Вылазка в церкви ставит перед Ипполитой немало вопросов. Она не только спрашивает себя, какова природа Максова отчаяния, хотя может представить себе ответ, но и размышляет, не была ли оказия с монашкой, в конечном счете, враками или сном. Возможно, Ипполита сама придумала всю эту историю. Но прежде всего она спрашивает себя, как могли

бы использовать снимки те, кто их обнаружил. Эти сцены спаривания, лишенные всякой страсти, всякой чувственности, достигают чудовищной абсурдности, тогда как дефицит трансцендентности облекает их той грозной и волнующей властью, которой способны обладать машины. У целомудренных и набожных людей грубая вульгарность этих изображений мучительно зачарует именно душу, именно она будет разодрана на куски. Чем меньше эти снимки воззовут к живой плоти, тем глубже запечатлеются они жгучим клеймом в памяти. Грех обретет плотский облик, мерзость конкретизируется в линиях и объемах. Так, эти гнусности перестанут быть нереальными и уже позволят задуматься над их последствиями. Они могут оказывать воздействие противоположными путями: одни - возбуждая смрадное любопытство, другие - навсегда прижигая рану. Постыдная притягательность, как и не менее срамное отвращение служат друг другу взаимными зеркалами, и так как ужас перед плотью, вероятно, одержит верх над тягой к ней, можно спросить себя, не мог ли Макс непроизвольно способствовать спасению богомолок? Кроме того, в силу этого же механизма, не будет ошибкой заключить, что монахиня-прачка, осознав коварство Сатаны, посвятит умерщвлению плоти всю свою жизнь, которая покажется ей недостаточно долгой для того, чтобы искупить позор падения. Если бы монашка или богомолки обладали незаурядным умом, - хотя это все же нельзя предположить, - возможно, они даже извлекли бы необычайную пользу из освобождения плоти, а их отвращение ко всякому блуду превратилось бы тогда в восходящую энергию, в вертикальное трансцендентное движение к свету. Таким образом, они столкнулись бы с ликом своего бога в гнусном, непристойном образе. Воображаемая надпись-посвящение: деревьям, которые повергло небо, орлам, заблудившимся в бурю, тем, кто отвергает бремя плоти...

Конечно, механизм может работать и в обратном направлении; разумеется, некоторые жесты могут превратиться в ядовитый нектар, настоящий мушиный мед; иные воспоминания способны преградить дорогу на небо, сковать существо, не давая возможности ни вернуться, ни двигаться дальше. Ах, это всего лишь девичье воспоминание. Завтра Анна навсегда уйдет к клариссам, облачится в свое первое одеяние послушницы, посвятит себя душой и телом искуплению грешников путем невероятных истязаний. Так она понимала свое спасение и любовь к Господу. "Старшие, сегодня вы спите в голубой комнате". Ее глаза тоже были голубыми, ледяными. Она молилась почти всю ночь напролет, но на рассвете к ней подкралась другая, куснула ей губы и грудь. Анна слишком устала и была слишком взволнована, чтобы защищаться, но расплакалась. В шесть часов она в последний раз встала поздно, сходила в туалет, а затем надела последнюю мирскую одежду. Чуть позже за ней приехала машина. Можно ручаться, что Анна так и не смогла этого забыть. Здесь дают уроки любви. Или пускают парфянские стрелы.

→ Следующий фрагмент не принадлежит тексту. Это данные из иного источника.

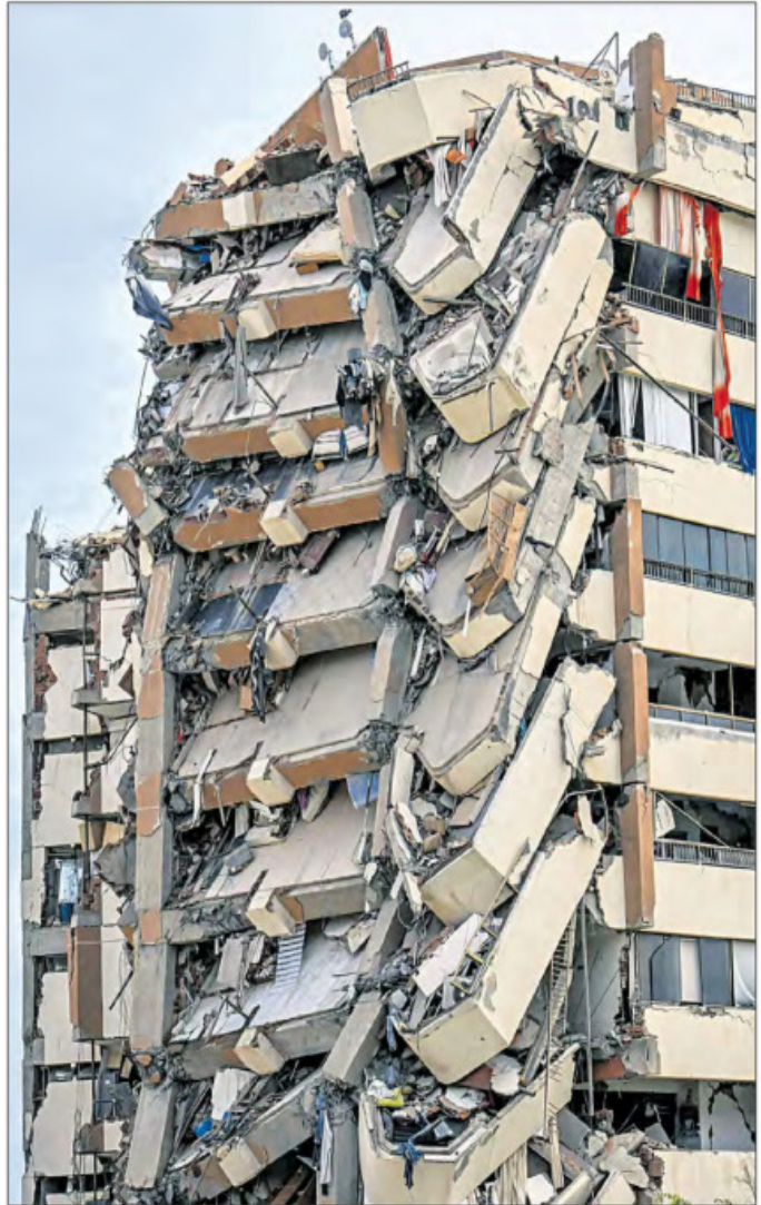
▲ Contingentes de espontáneos, entre ellos obreros de la construcción, se han abocado al esfuerzo titánico de remover con sus manos, cubetas, martillos y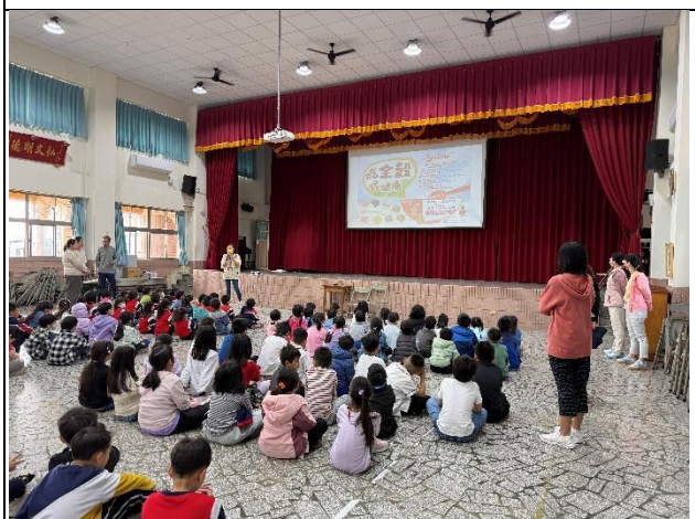
說明：健康飲食宣導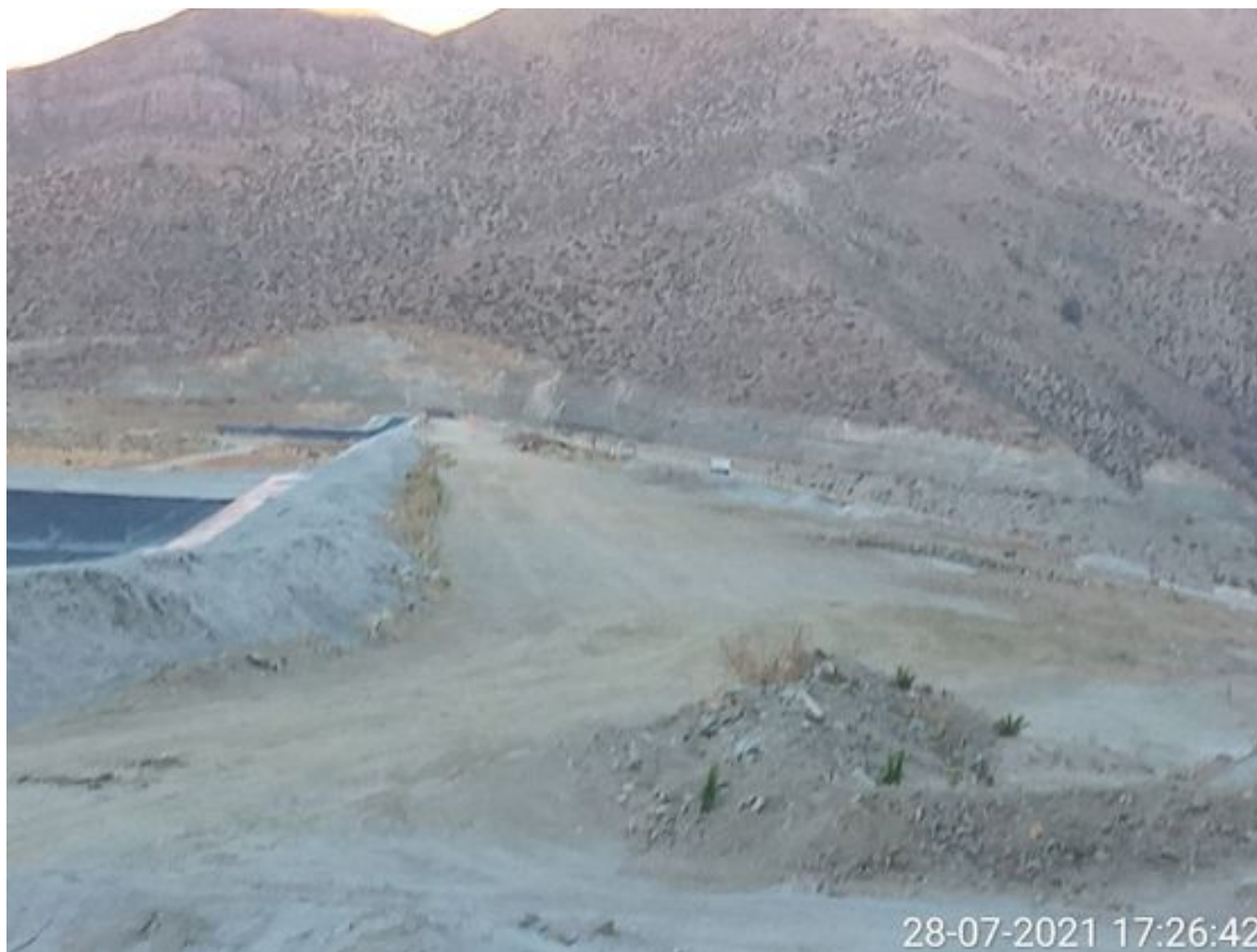
Foto 42: Medida: Aplicación Soiltiac coronamiento del muro. Lugar: Tranque Quillayes. Comentarios: no se observan trabajos en el área

Я сдержалась и не рассказала Максу историю Анны, о которой, тем не менее, напомнило мне его приключение с монахиней-прачкой. Я поведала ему лишь якобы незначительную историю Страсс, которую он нашел действительно безобидной.

Ипполита покидает Венецию, и поезд уже отправляется.

Поезд отправляется; я еще вижу в конце перрона крошечного, перекошенного Макса в пуловере до колен, машущего рукою над головой, - возможно, последний образ... Но Венеция... едва я покинула ее, как мне снова захотелось вернуться в этот загадочный замок. Рядом со мной живет булочница, она всегда беременна, но никогда не рожает; лицо у нее бледное, словно хлебный мякиш. На Калле дель Фруттароль призрак человека, сраженного кинжалом, регулярно воет уже двести лет подряд, а злодей убегает с черным взмахом своего табарро и звуком шагов по каменным плитам. В глубине двора есть дом, куда входят люди, но откуда никто никогда не выходит. Я также помню, как видела в столовой отеля одного мужчину, который обедал, не снимая перчаток. Это были черные лайковые перчатки, и две кожаные руки двигались так, будто принадлежали роботу. Мужчина разрезал мясо, пил, накладывал себе еду и вытирал рот, но я заметила, что он не брал хлеба. Чем были эти два черных зверька на белой скатерти - подвижными деревянными протезами или стальными лапами на тонких шарнирах, спрятанными под перчатками? Скрывала ли кожа пораженную плоть, струпья, тухлую проказу? В болезни ли дело? Или в увечье, причиненном войной, пытками? Я склонялась к мысли, что эти руки должны быть из дерева. Я даже представляла их себе тисовыми, гладкими и кремовыми, эти руки, которые никогда не оставались без перчаток, поскольку человек, вероятно, каждый вечер снимал весь аппарат целиком. Затем рукам приходилось ночевать в какой-нибудь холодной ванной, в одиночестве, их собственный запах дерева, металла и кожи смешивался с ароматом туалетной воды, и в лунном свете они отбрасывали бесформенные паучьи тени на кафельную стену. На следующий день я не видела человека в черных перчатках и больше никогда его не встречала, ни в столовой, ни где-либо еще.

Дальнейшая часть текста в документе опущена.